主将の1発で試合を決めた。日本ハム中田翔内野手(29)が、オリックス18回戦(宮崎)の8回、左翼スタンドへ豪快なダメ押し24号2ランを放った。宮崎入りした前日27日には、シーズン中では異例となる全選手、スタッフが参加の決起集会が行われた。音頭を取った中島選手会長の補佐役として計画に携わったキャプテンが、バットでもチームを引っ張った。引き分けを挟んでの3連勝で、2位ソフトバンクとはゲーム差なしとなった。
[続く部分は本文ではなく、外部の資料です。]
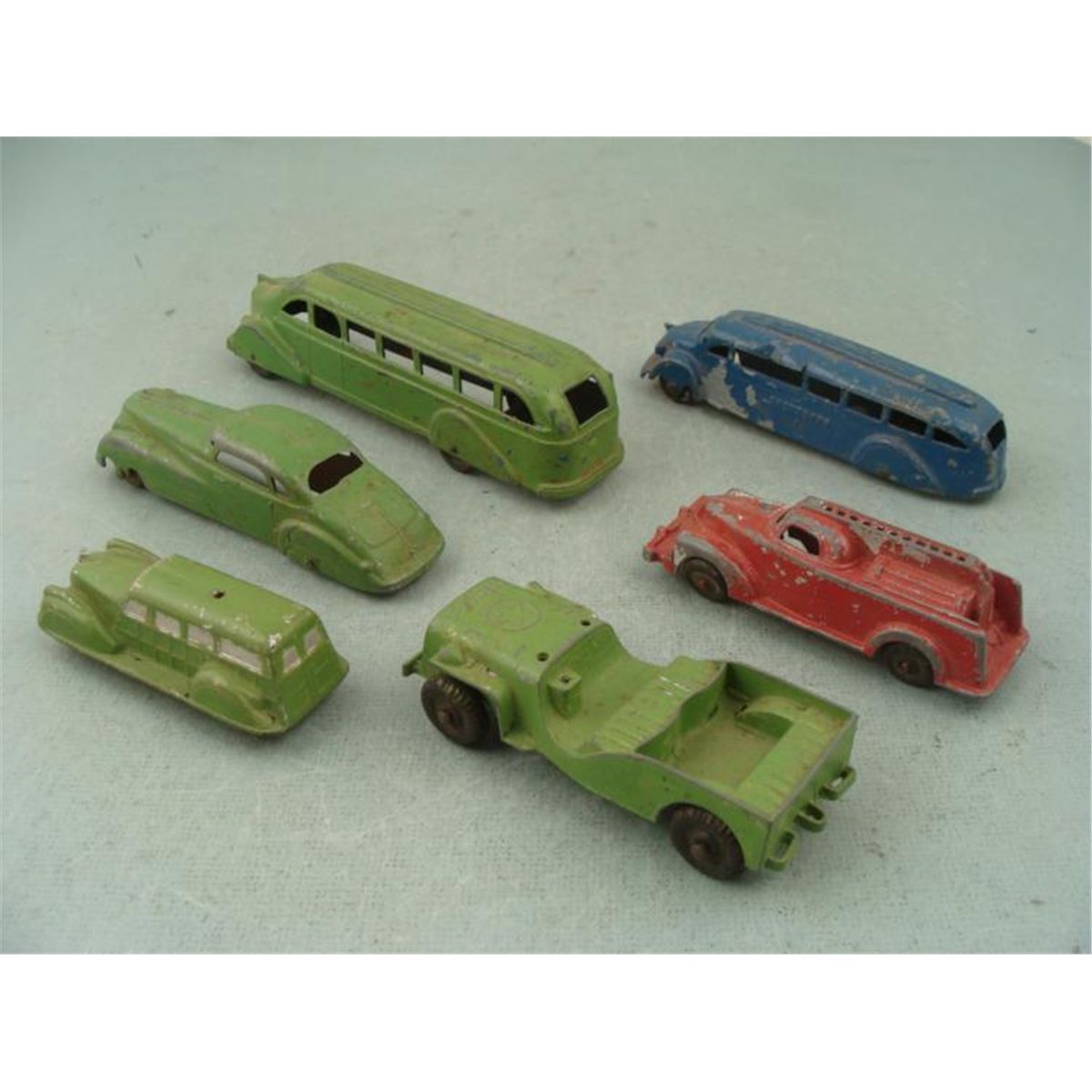 6 VINTAGE TOY VEHICLES-CAST AND RUBBER--SUN, TOOTSIETOY & MANOIL * INCLUDED: 3 1/2" SUN RUBBER(530-26) TRUCK---7" METAL MASTERS BUS---4 1/2" MANOIL #709 CAST FIRE TRUCK---TOOTSIETOY CAST JEEP 4 3/4"---6" BLUE TOOTSIETOY CAST GREYHOUND BUS---6" TOOTSIETOY AOTO-COUPE *

中田が宮崎の夜空に豪快な花火を打ち上げた。2点リードの8回2死一塁。オリックス4番手近藤の高め直球を完璧に捉えた。きれいな放物線は左翼スタンドへ。「(感触は)よかったですね。ロドリゲスが頑張ってたんでよかった」。苦しんできた新外国人の来日初勝利を援護する、豪快な1発だった。

チームを勝たせる、これがキャプテンの仕事だ。1回1死一、三塁の好機では、貴重な先制中犠飛。犠飛数は両リーグトップの10本目となった。チーム打撃で流れを呼び込み、勝負どころでは持ち前の長打力で“ガツン”。栗山監督も「あの翔のホームランは本当に大きかった」とたたえた。

移動日にもキャプテンの存在感は光った。宮崎入りした前日27日には、シーズン中では異例となる、選手、スタッフが全員参加の決起集会が行われた。中田は「タク(中島)と話してやろうかとなった」。選手会長と主将が中心となり、宮崎市内の焼き肉店で宮崎牛などを食べて英気を養った。締めのあいさつは「守護神だから」と浦野が“むちゃ振り”されたが、見事にこなし、逆転優勝へラストスパートをはかるチームの団結力は深まった。

中田自身もタイトル獲得が見えている。この日の3打点で、2年ぶりの100打点まであと「7」。昨年は、不振の影響もあり打点は67で途絶えた。「そんなのはどうでもいいんでね、チームが勝つことだけを考える」。残り29試合。逆転優勝へ向け、首位西武を必死に追いかける。キャプテン中田の1発がカギを握る。【山崎純一】

▼中田が初めて公式戦をプレーした宮崎で本塁打を放った。通算201本塁打のうち、本拠地・札幌ドームがもっとも多く70本。東京ドームが19本、楽天生命パークが18本、ヤフオクドームが16本、ZOZOマリンが15本と続く。この日と同じ地方開催では、帯広で7本塁打を放っている。